AstraZeneca Signs AI-Powered Drug Discovery Pact with Verge

AstraZeneca's San Francisco Office

Pictured: AstraZeneca's office in California/iStock, hapabapa

AstraZeneca, through its rare disease division Alexion, has entered into a multi-target agreement with Verge Genomics to discover and develop drugs against novel targets in rare neurodegenerative and neuromuscular diseases, the companies announced Friday.

Under the agreement, Alexion will make a $42 million payment in upfront fees, as well as equity and near-term investments. Counting milestones, the four-year collaboration can yield up to $840 million for Verge, plus potential royalties down the line. Alongside the drug discovery pact, AstraZeneca will also take an equity position in Verge.

In return, Alexion will gain access to the California biotech’s proprietary full-stack CONVERGE platform, which applies machine learning to human tissue data in order to identify novel disease targets that have a high probability of yielding clinical success.

Friday’s partnership will apply the AI-driven approach to several yet-undisclosed rare neurodegenerative and neuromuscular conditions. Alexion will have the option to select “high-potential targets” for each of these indications, as well as license and advance successful targets through clinical development, according to the announcement.

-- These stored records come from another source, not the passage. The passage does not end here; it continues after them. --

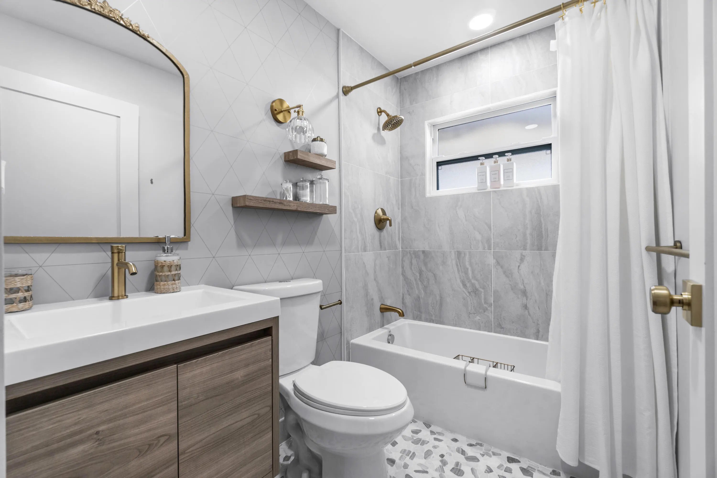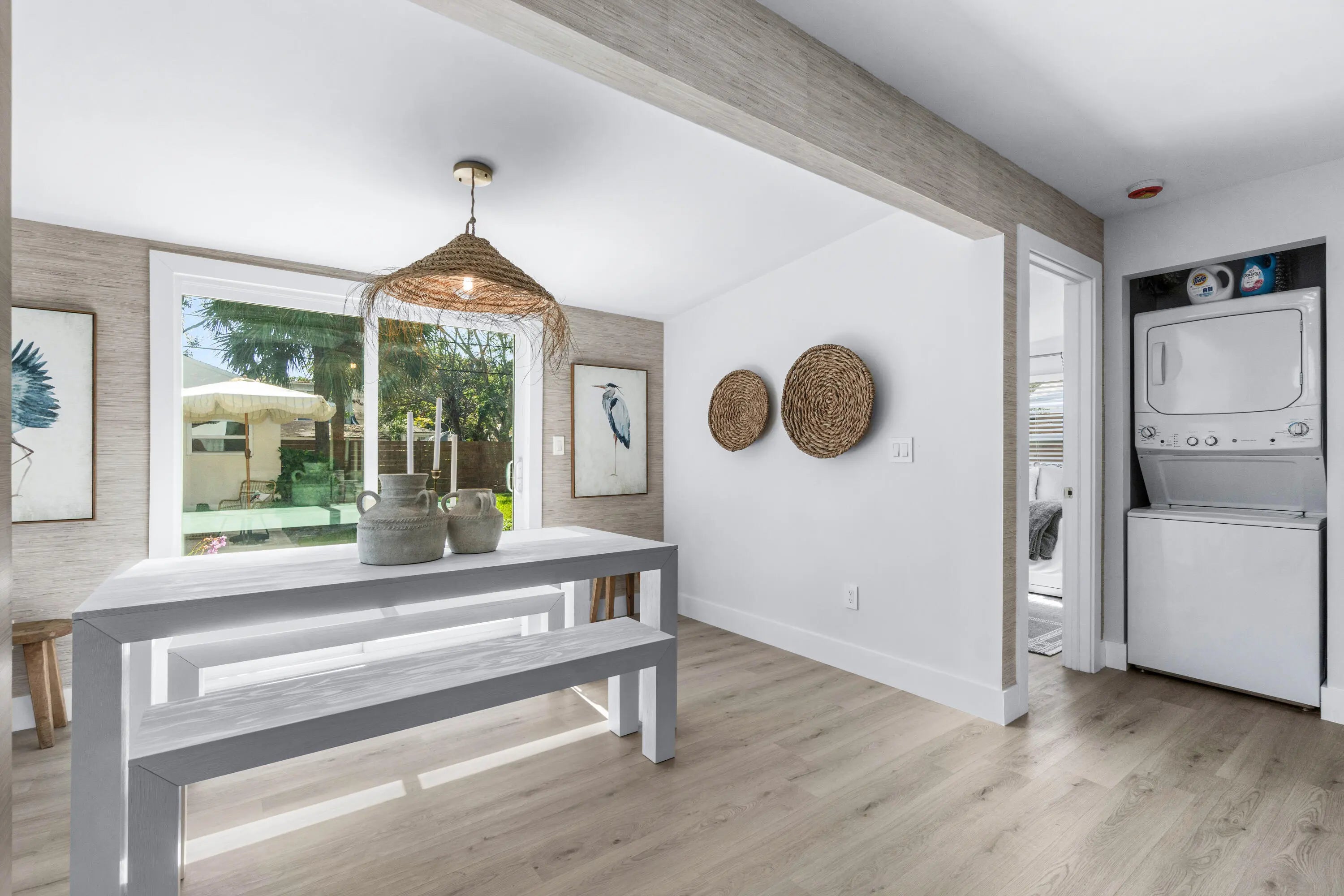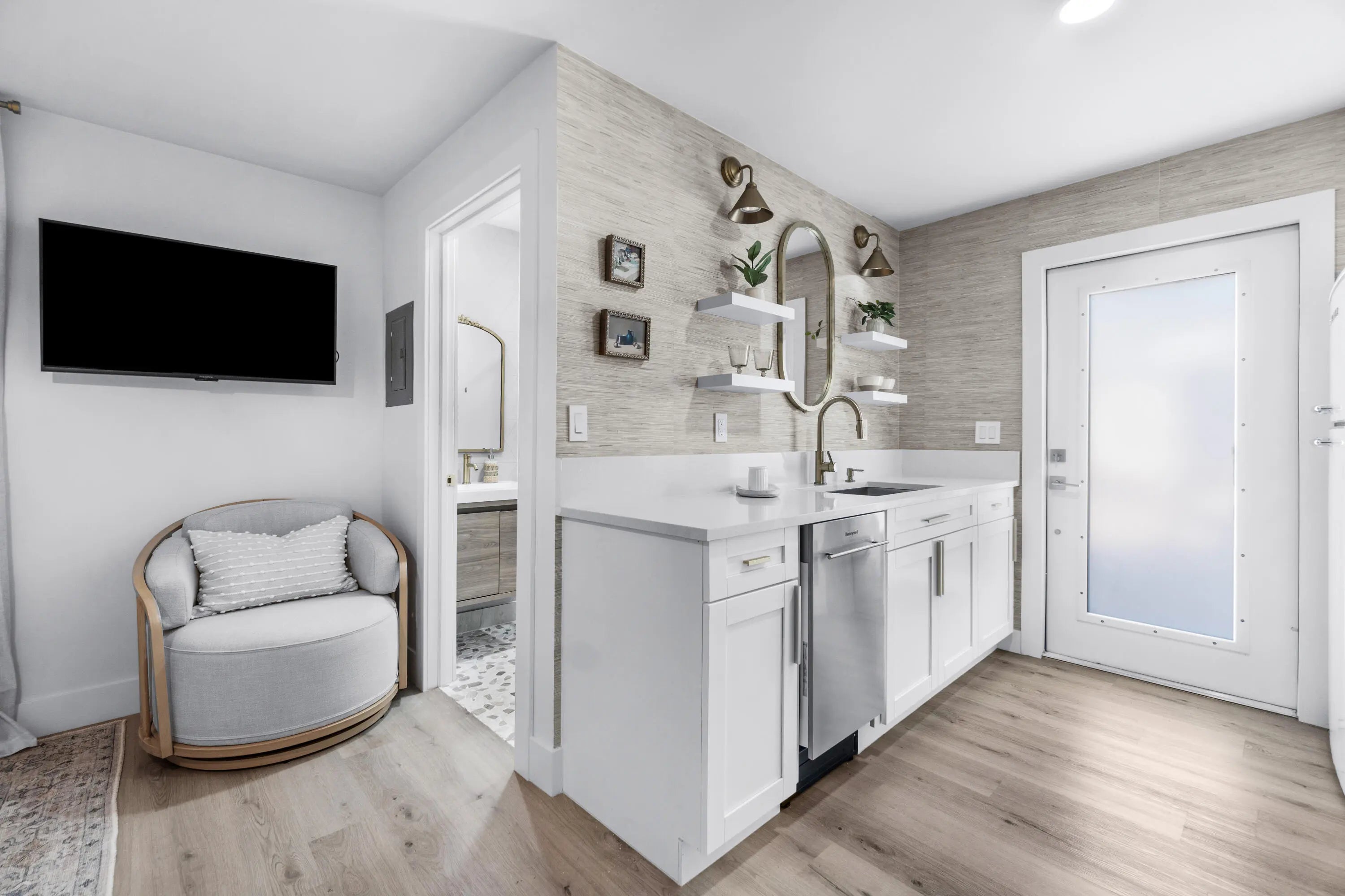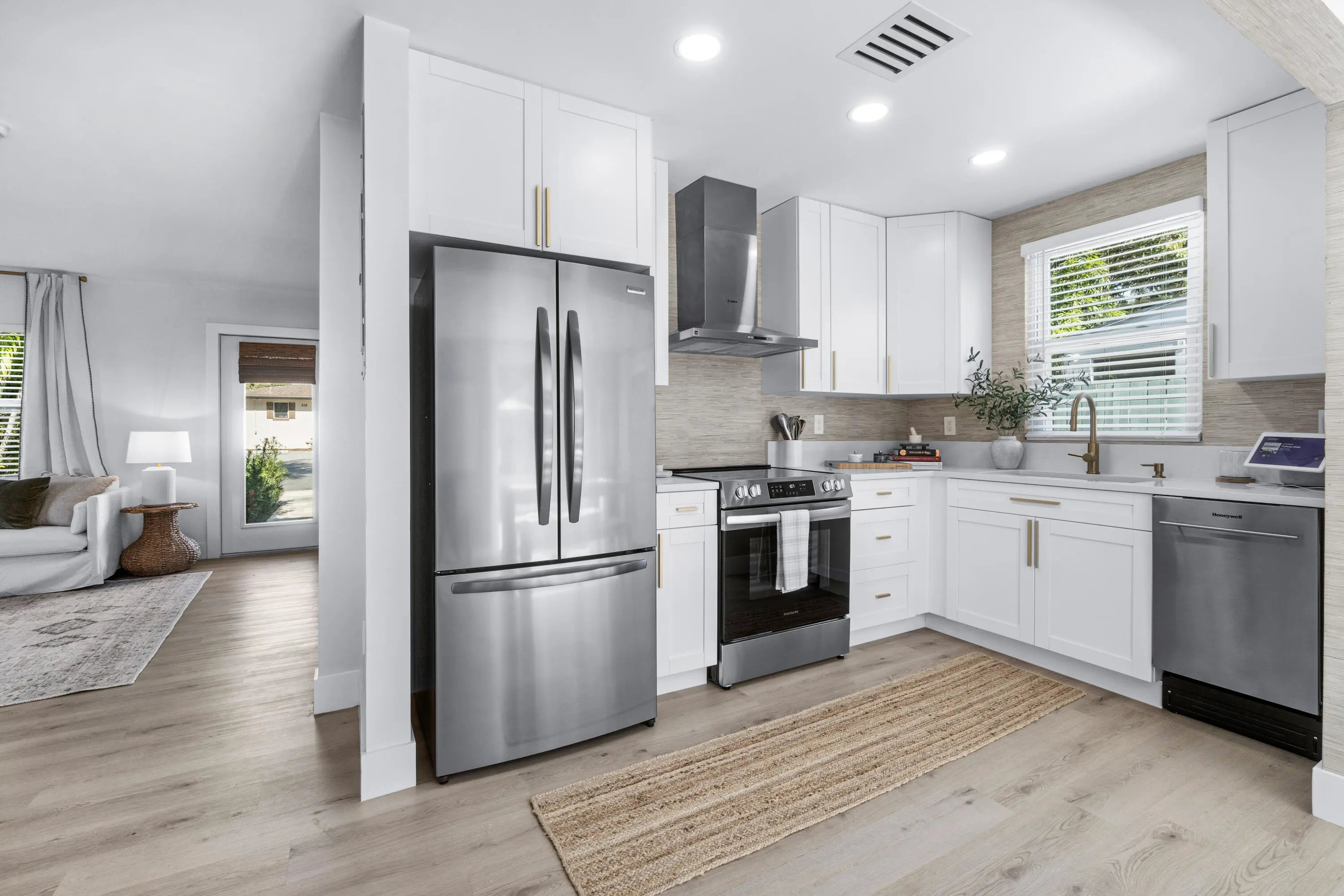Stunning fully remodeled home completed with permits, offering luxurious modern living and exceptional investment potential. Upgrades include new impact windows and doors, all-new drywall, brand-new electrical and plumbing, and premium new flooring throughout. The chef-inspired kitchen features new stainless-steel appliances, complemented by designer luxury bathrooms finished with high-end materials.Outside, experience elevated curb appeal with lush new landscaping, fresh sod with a full sprinkler system, travertine pavers, and a custom-built, all-new wood privacy fence.This property also offers a permitted secondary apartment with its own full kitchen and bathroom, ideal for extended family or generating additional rental income.Currently operating as an income-producing Airbnb,
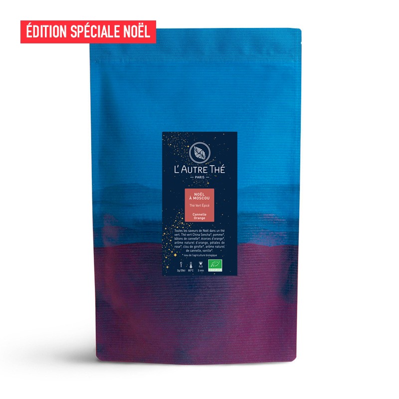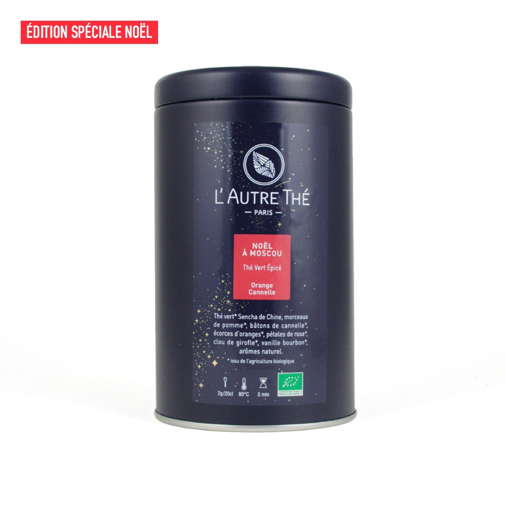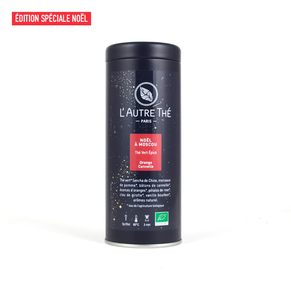 “Noël à Moscou” is an organic Sencha green tea from China with natural orange, vanilla and cinnamon flavors, topped with cinnamon sticks, orange peel and apple pieces, and sprinkled with cloves and rose petals.
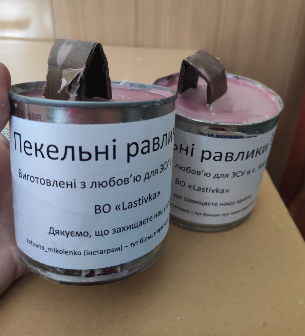 «У перший тиждень повномасштабного вторгнення, коли мільйони виїжджали з країни, моя тітка Юля, навпаки, повернулася з Польщі із заробітків. Аргументувала це тим, що ми всі тут, а вона там. Вважала, що в Україні принесе більше користі, тому це рішення навіть не обговорюється, – говорить Тетяна. – Тітка Юля й виплекала ідею виготовляти окопні свічки. На той час вона вже працювала в нашій сільській школі завгоспом. І закипіла робота. Я через соцмережі збирала, шукала віск, парафін і тару, а працівники школи крутили равлики й заливали їх парафіном. Пам’ятаю, як ходила по всьому своєму району й збирала по декілька недопалків свічок та бляшанок з-під консервів. Дехто давав і гроші, які я потім клала на монобанку. Так і виник наш мінібренд «Пекельні равлики». Загалом ми виготовили близько 5 тисяч окопних свічок, але це приблизні цифри. Не завжди мали час їх перераховувати».

Alexion will also take charge of commercialization of products that result from the collaboration.

“By leveraging Verge’s AI-enabled platform in combination with data from patient tissue samples, we see potential in helping researchers more efficiently identify and validate therapeutic targets for rare diseases,” Seng Cheng, Alexion’s head of research and product development, said in a statement.

Unlike the typical drug discovery process, which usually begins with animal or cell models, CONVERGE starts off with genomic data obtained directly from human tissue. This is bolstered by a human-centered biology platform, yielding new insights into candidates.

Verge validated this approach with Phase I data in June 2023 demonstrating that its investigational PIKfyve inhibitor VRG50635 had promising safety, tolerability and pharmacokinetic profiles in healthy volunteers. The company is planning to launch a proof-of-concept study of the candidate in amyotrophic lateral sclerosis in the fourth quarter.

VRG50635 was discovered using CONVERGE and has best-in-class potential.

Friday’s agreement is AstraZeneca’s second rare disease deal recently. In late July, the company paid $1 billion to fellow powerhouse Pfizer to acquire “a dozen” of the latter’s portfolio of preclinical gene therapies and technologies, Alexion CEO Marc Dunoyer said during AstraZeneca’s second-quarter earnings call.

The deal brings several novel AAV capsids into the AstraZeneca fold, along with some Pfizer employees.

The Verge partnership will also help AstraZeneca build a more robust neurology pipeline, which already includes the early-stage Alzheimer’s disease hopeful MEDI1814 and the mid-stage MEDI1341 for multiple system atrophy and Parkinson’s disease. Its rare disease pipeline is more robust in comparison, with the late-stage molecules acoramidis for transthyretin amyloidosis cardiomyopathy and danicopanfor paroxysmal nocturnal hemoglobinuria.